- **Task brief**
Return all of the data verbatim, dropping any picture.

- **Recorded information**
————————

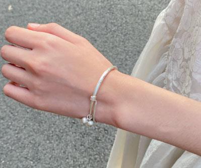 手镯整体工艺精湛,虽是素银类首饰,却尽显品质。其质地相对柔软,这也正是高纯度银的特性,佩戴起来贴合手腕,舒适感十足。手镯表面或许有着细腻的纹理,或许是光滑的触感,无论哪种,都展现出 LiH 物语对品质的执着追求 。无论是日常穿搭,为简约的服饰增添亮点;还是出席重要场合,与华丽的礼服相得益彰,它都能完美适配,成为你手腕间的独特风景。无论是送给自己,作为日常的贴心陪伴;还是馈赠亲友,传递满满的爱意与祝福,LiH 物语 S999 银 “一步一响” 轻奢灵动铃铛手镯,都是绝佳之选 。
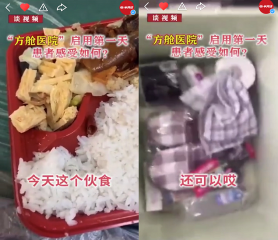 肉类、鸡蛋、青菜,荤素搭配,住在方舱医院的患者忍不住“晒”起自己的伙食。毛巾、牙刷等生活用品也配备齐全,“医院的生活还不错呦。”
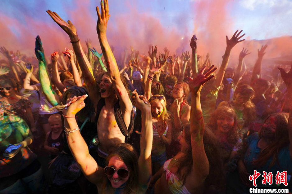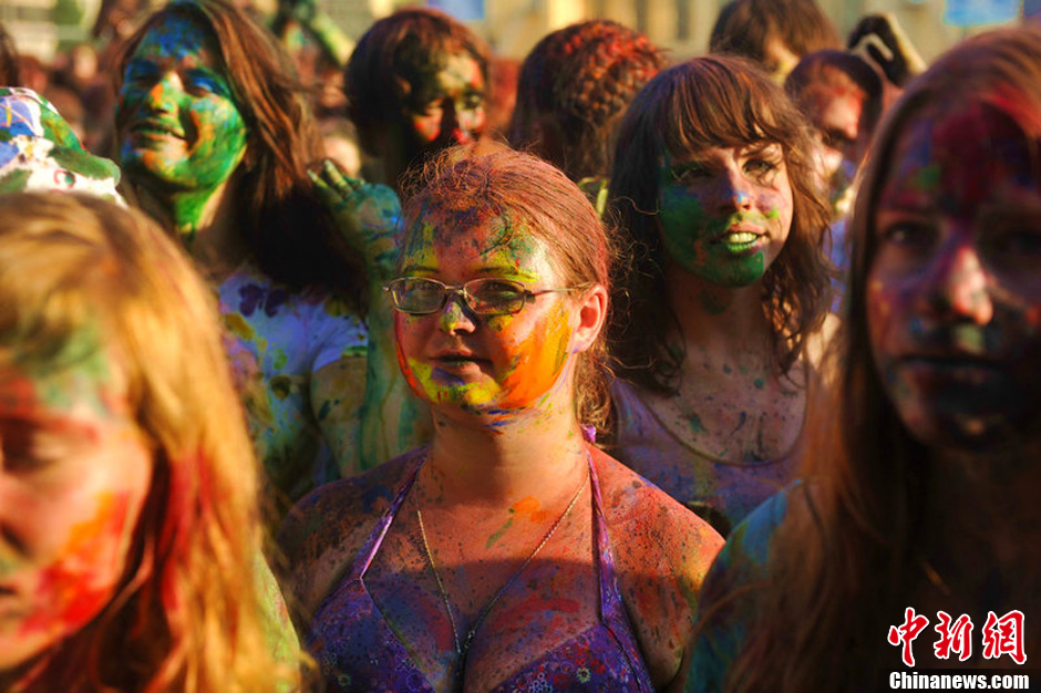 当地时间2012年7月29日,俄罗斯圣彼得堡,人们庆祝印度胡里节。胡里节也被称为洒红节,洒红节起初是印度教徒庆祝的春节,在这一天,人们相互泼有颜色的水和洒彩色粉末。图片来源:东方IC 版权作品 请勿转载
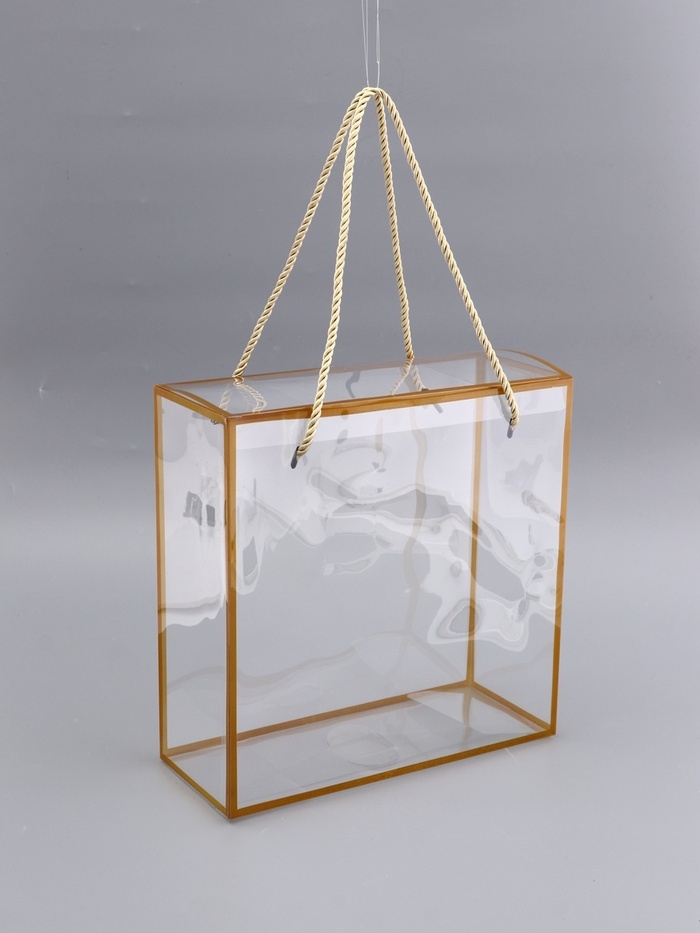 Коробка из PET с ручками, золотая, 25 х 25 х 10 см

————————

- **Written reply**
 手镯整体工艺精湛,虽是素银类首饰,却尽显品质。其质地相对柔软,这也正是高纯度银的特性,佩戴起来贴合手腕,舒适感十足。手镯表面或许有着细腻的纹理,或许是光滑的触感,无论哪种,都展现出 LiH 物语对品质的执着追求 。无论是日常穿搭,为简约的服饰增添亮点;还是出席重要场合,与华丽的礼服相得益彰,它都能完美适配,成为你手腕间的独特风景。无论是送给自己,作为日常的贴心陪伴;还是馈赠亲友,传递满满的爱意与祝福,LiH 物语 S999 银 “一步一响” 轻奢灵动铃铛手镯,都是绝佳之选 。
 肉类、鸡蛋、青菜,荤素搭配,住在方舱医院的患者忍不住“晒”起自己的伙食。毛巾、牙刷等生活用品也配备齐全,“医院的生活还不错呦。”
 当地时间2012年7月29日,俄罗斯圣彼得堡,人们庆祝印度胡里节。胡里节也被称为洒红节,洒红节起初是印度教徒庆祝的春节,在这一天,人们相互泼有颜色的水和洒彩色粉末。图片来源:东方IC 版权作品 请勿转载
 Коробка из PET с ручками, золотая, 25 х 25 х 10 см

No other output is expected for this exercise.